This program will perform summary statistics imputation for one phenotype that is hard-to-collect using a set of easy-to-collect phenotypes.
Example of usage: python imputeStatFromSummary.py -i YOURPATH/inputHaemRBC/ -n HaemGenRBC -f Logferr -o test -r correlation.data
This command will try to impute the Logferr level using the corretion between all the phenotypes.
- It assumes that correlation.data is a matrix with column header name.
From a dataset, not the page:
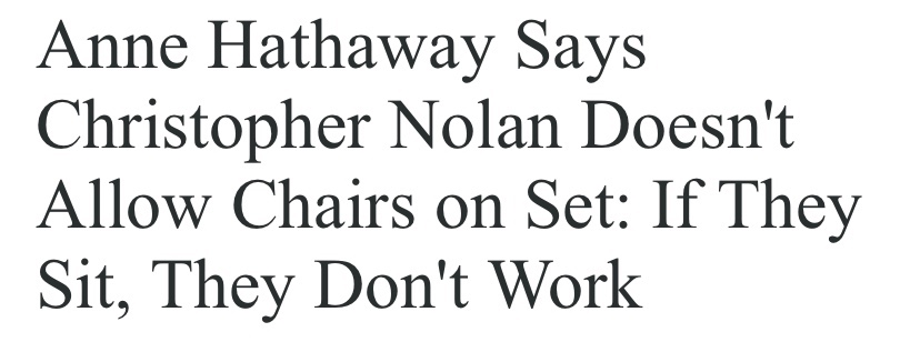 앤 해서웨이, '크리스토퍼 놀란이 촬영장에서 의자에 못 앉게 했다.' 발언 화제 본문

For example:
Ferr | Logferr | HB | HCT | MCH |
---|---|---|---|---|
1 | 0.81605436 | 0.24744599 | 0.240321683 | 0.2438617 |
0.81605436 | 1 | 0.35014108 | 0.32478465 | 0.27789617 |
0.24744599 | 0.35014108 | 1 | 0.942558624 | 0.26752607 |
0.24032168 | 0.32478465 | 0.94255862 | 1 | 0.10669593 |
0.2438617 | 0.27789617 | 0.26752607 | 0.106695931 | 1 |
- It assymes that YOURPATH has a folder name inputHaemRBC and there should exists set of files in YOURPATH/inputHaemRBC/ where each file should be name as follow:
HaemGenRBC_HB.txt HaemGenRBC_HCT.txt HaemGenRBC_MCH.txt
We assume that HB, HCT, and MCH are the name of phenotypes. In other words the name of files in YOURPATH/inputHaemRBC/ should match the header of correlation.data.